> _INFORMATION SUPPLIED_:
- - - - -

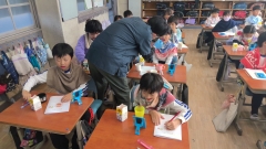 今日は、いつもお世話になっている学校歯科医の橋本先生と、歯科衛生士の妻木さんにお越しいただき、3年生に歯磨き指導をしていただきました。歯についてのお話を聞かせてもらったあと、染出しをして自分の磨き残しがどこにあるのかを確認しました。その後、歯磨きのポイントを教えていただきながら、実際に歯磨きをしていきました。磨きにくいところを意識しながら、みんなきれいに磨けていました。おうちでも今日教わったことを意識して、歯磨きできるといいですね。
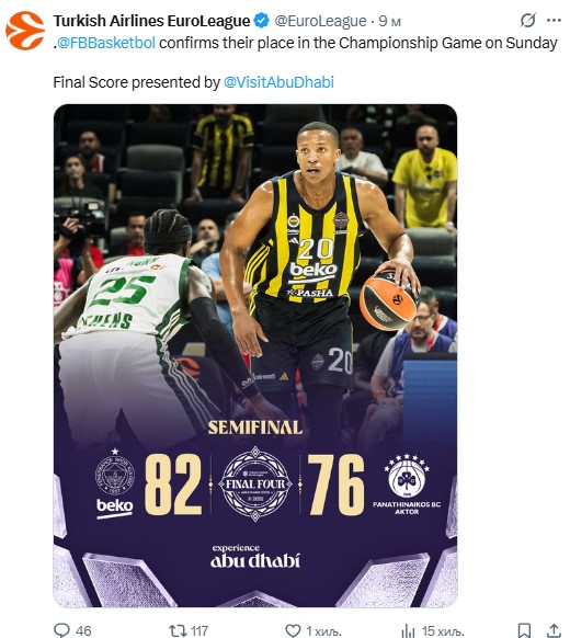 Košarkaši Fenerbahčea su u finalu Evrolige, pošto u u prvom polufinalu savladali evropskog prvaka Panatinaikosa sa 82:76. Turski tim će se boriti za pehar Starog kontinenta.
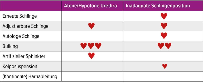 Grundsätzlich ist hervorzuheben, dass es hinsichtlich der besten Therapie bei Rezidiv nach primär eingelegter suburethraler Schlinge keinen Konsensus gibt.33–36
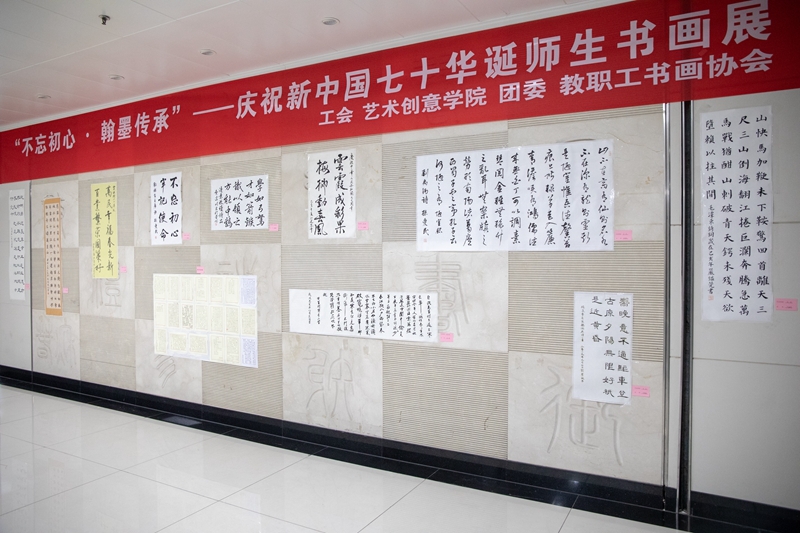 为庆祝中华人民共和国成立70周年,展示我校师生奋发进取的精神风貌,由校工会牵头,艺术创意学院、校团委协办,教职工书画协会承办的“不忘初心•翰墨传承”师生书画展于9月25日在图文楼一楼大厅如期展出。

- - - - -

Leave the pictures out and reproduce exactly the lines from the line with "Grundsätzlich ist hervorzuheben, dass" to the end of the material above.

 Grundsätzlich ist hervorzuheben, dass es hinsichtlich der besten Therapie bei Rezidiv nach primär eingelegter suburethraler Schlinge keinen Konsensus gibt.33–36
 为庆祝中华人民共和国成立70周年,展示我校师生奋发进取的精神风貌,由校工会牵头,艺术创意学院、校团委协办,教职工书画协会承办的“不忘初心•翰墨传承”师生书画展于9月25日在图文楼一楼大厅如期展出。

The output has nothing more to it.